This is where data abstraction comes in: data abstraction means the ability to package as a type the data structures and functions which manipulate these data structures. A language supports data abstraction if it is "easy" for the user to do this. The new types defined by the user are called abstract data types (or as Stroustrup likes to call them user-defined types). One of the greatest (the greatest?) achievements of Stroustrup has been to create a language in which the user-defined types have as good (sometimes even better) support than built-in types (in every aspects, type-checking, efficiency, etc).

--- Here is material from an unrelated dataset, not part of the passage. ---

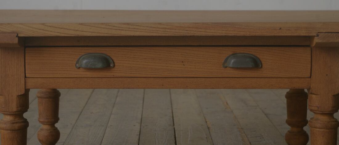 古い欅材の綺麗な木目がとても雰囲気の良いアンティークローテーブルです。
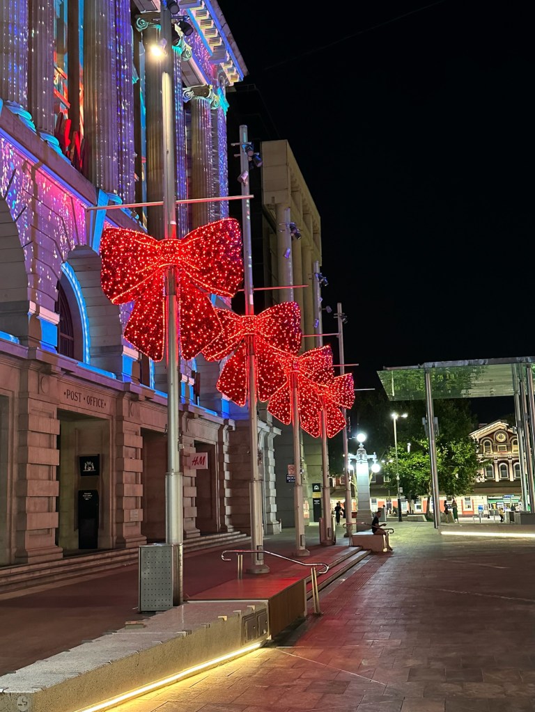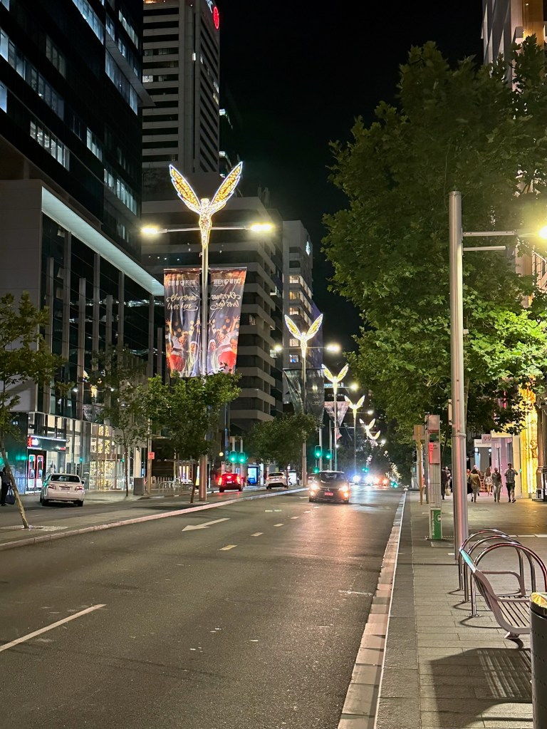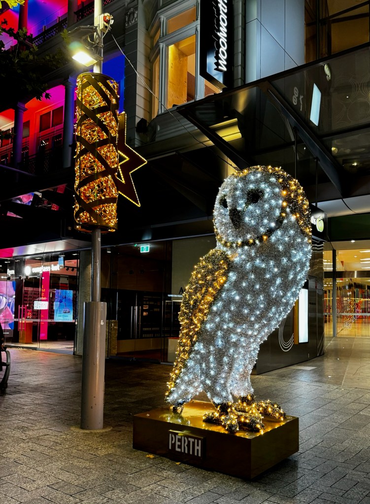 Am Mittwoch haben wir tagsüber gefaulenzt. Am Nachmittag bin ich dann zu Strand von Scarborough gewandert, bevor wir abends ins Zentrum von Perth sind. Nach einem Znacht am Hafen sind wir durch das Zentrum geschlendert und haben uns von den vielfältigen Adventsbeleuchtungen überraschen lassen. Unglaublich was es da alles zu sehen gab. Nicht nur hatte jede Strasse eine andere aufwendige Beleuchtung, sondern auf einige öffentliche Gebäude und Kirchen wurden bewegte Adventsmotive projiziert – natürlich jeweils mit zugehöriger Musik untermalt (siehe Fotos, Rio Tinto war Sponsor). Die Weihnachtsbeleuchtung war schlicht und einfach ein Fest für die Augen – man konnte sich vom Anblick kaum losreissen.

You can send comments or questions about the material in this chapter by clicking here. The archive of questions and comments made can be found here.
In C++, you can talk, think and code in term of scroll bars. Once you have writen a class scroll_bar {..., you define and manipule scroll bars. I said above the other half of C++ is support for Object-Oriented Programming. Now that C++ has enpowered the user with the ability to create his own types, it would be nice if C++ could spare him to "reinvent the wheel". In some application areas, it is clear that many of the types a user would like to define have a lot in common (GUI or graphics in general is one such area). To avoid rewriting the same code all the time, you try to express the communality among the types as a type (or class) hierarchy where the types in the base of the hierarchy are very general and become more and more specialize has you refine them. If a language makes it "easy" for the user to create an hierarchy of types and refine the behavior of the types in it, then this language is said to support Object-Oriented Programming. (How did I manage to present OOP without even writing once the word "inheritance"? It is probably a rotten presentation, but this chapter is about data abstraction :-)

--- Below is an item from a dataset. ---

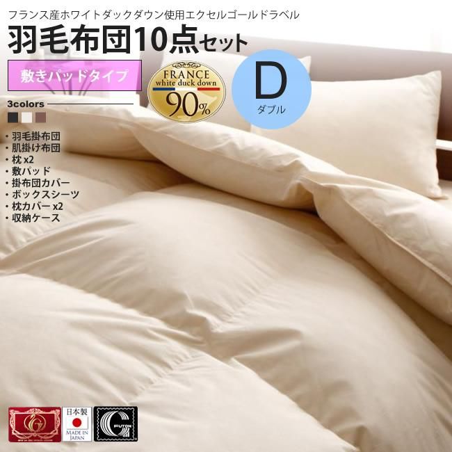 ダブル 敷きパッドタイプ : 羽毛布団セット エクセルゴールドラベル 寝具 布団セット
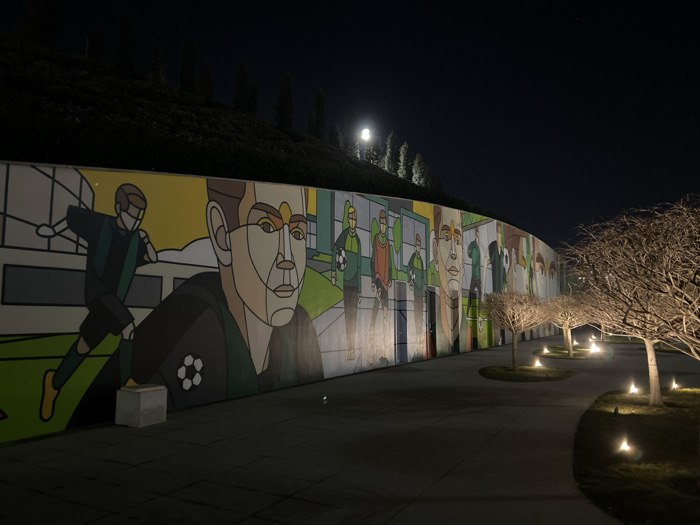 The image displays a night view within Krasnodar Park (Galitsky Park) in Krasnodar, Russia. A long, curving concrete retaining wall features a vibrant mural executed in a stylized, geometric art form resembling stained glass. The mural predominantly depicts figures associated with soccer, including a large-scale male figure in a dark jersey with a white soccer ball logo in the foreground, and a soccer player in a green and black striped uniform shown in a running posture to his left. Additional figures are depicted along the mural's length. A paved pathway runs parallel to the wall. To the right of this path, several small, bare-branched trees are planted in circular grass beds, illuminated by multiple ground-level spotlights. The ground is also lit by similar discreet lights. Above the retaining wall, a dark, sloped grassy area is visible, topped by a line of tall, slender trees silhouetted against a dark night sky. A visible moon is positioned in the upper center of the frame. A small, light-colored concrete block is situated at the base of the mural in the lower-left portion of the scene. No live individuals are present in the captured environment.

C++ is a big language but essentially all the features of the language can be traced to support for Data Abstraction and Object-Oriented Programming (and how to do it efficiently using all the help the compiler can give you eg strong typing). I would like to be able to define a Small C++ and forget about its "big brother" but I know it is wishful thinking. If you start with C and you want to add support for DA and OOP and you want to keep the "spirit" of C (which is flexibility and efficiency), you will end up with C++ (or if you are not as talented as Stroustrup you will almost certainly end up with much worst). In the rest of this chapter, I will show you how data abstraction is supported in C++ and introduce many of the features of the language that you have to use if you want to have useful user-defined types.


You can send comments or questions about the material in this chapter by clicking here. The archive of questions and comments made can be found here.
I will create a "toy" type (or class to use C++ terminology), a class that contain only a pointer and introduce many features of C++ to make this "toy" class well-behaved.

Here is the smallest "interesting" class we can start with:

	class String {
	  char * cptr;
	};
class is a reserved word in C++, its purpose is to tell the compiler that we start the description of a user-defined type. Following the word class you have the name of the user-defined type, in our case "String" and this type contains only a pointer to a char. With this declaration you write a program like this (assuming the type String appears earlier in the file which contains the program):

	void main() {
	  String a, b; 
	  b = a;
	};
This program defines two objects of type String a and b and b is assigned the value of String a.

The previous example shows typical uses of a new user-defined type or class in C++. You want to be able to define new objects of this class and do some operations on them. The following syntax was used to define a new object of a class in the previous example: String a (you use the class name followed by an identifier). This tells the compiler to create a new object and make it available. Except in the most trivial cases, you should not rely on the default operations of the compiler to create and initialize your objects. You should add your own constructors and destructors and this is how it's done:

	class String {
	  private:
	   char * cptr;
	  public:
	   String(char *); // String constructor
	   ~String();      // String destructor
	};

You can send comments or questions about the material in this chapter by clicking here. The archive of questions and comments made can be found here.
We've added two keywords private and public: these keywords control the access to the members of the class. The members listed after the keyword public are the only one accessible to a user of your class. The members listed after private are only accessible to the functions declared in the class (and so-called friends). So the pointer cptr is only accessible to the member String(char *) and ~String(). If a member is not listed under any of these keywords (protected is also another possible keyword which can be used in this context) then it is assumed to be private as in the first example. There are now two kinds of members in our class: the data members and the member functions. We are going to give one possible implimentation of the member functions: the constructor String(char *) and destructor ~String().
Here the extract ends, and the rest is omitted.